The problem is that the function bar is a part of a legacy library which we cannot refactor right now. The signature of bar is void bar(T*). T is not const. But in reality bar never changes an object referenced by t. This is how it was implemented.

But foo is a part of a brand new API, and we want to make nice or clean. The contract of the function foo says that it doesn’t need to change its parameter.

I think the code should be like this:

void foo(const T* t) {

Why? The contact of foo doesn’t require the pointer t to be non-const. We must reflect this in the API by making t const. It doesn’t matter that for some reason a particular implementation of foo is based on the legacy bar function not having const in the argument but never changing it. Yes, we have to use the ugly const_cast but this bad code is nicely isolated inside foo only and doesn’t affect our nice and clean brand new API. Moreover, if we refactor foo at some point and get rid of legacy bar at all, the problem will disappear completely.

Here is a counterargument from my colleague: it may turn out that the function foo can have a bug and accidentally change t even it is declared as const. The solution is to simply keep the argument of foo non-const. In this case we don’t need that cast, we explicitly show to an end user of foo that she should expect its parameter to be const, and eventually we never violate the contact of the function foo.
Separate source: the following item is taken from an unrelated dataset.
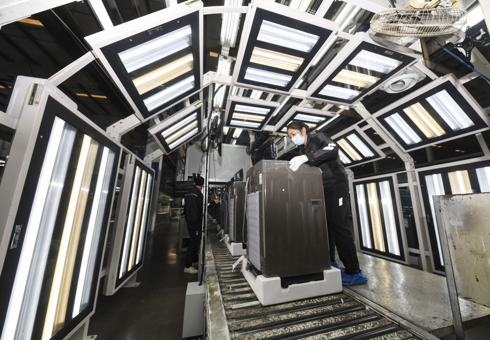 工人在重庆海尔洗衣机有限公司生产车间检测产品质量。新华社记者王全超摄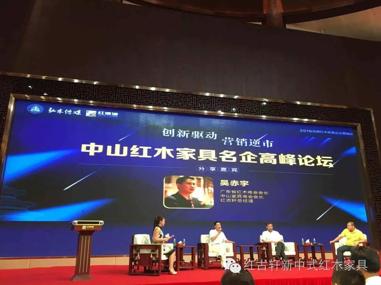 大會以如何逆勢而上,逆市破局為題拉開大幕,中國家具協(xié)會副理事長、廣東省紅木商會會長、中山家具商會會長、紅古軒總經(jīng)理吳赤宇先生,作為特邀嘉賓,應(yīng)邀出席大會分享心得。

Eventually we haven’t agreed. My flaw is that const doesn’t really protect from side effects coming from legacy bar and the argument of foo may be changed regardless being const. My friend’s flaw is that it is not easy to explain in the documentation how and why the argument of foo may be changed. Just because our particular implementation dictates this? Such approach spreads the drawback of the legacy code to our nice and shiny new code.


P.S. There is another esoteric approach — to create a temporary deep copy of T inside foo and pass it to bar by non-const pointer. Personally if I have to choose between quick but badly designed code and slow but nicely written code I usually go for the second one. Tomorrow we can buy another faster computer and the slow code will be faster, but that computer will make the bad code better.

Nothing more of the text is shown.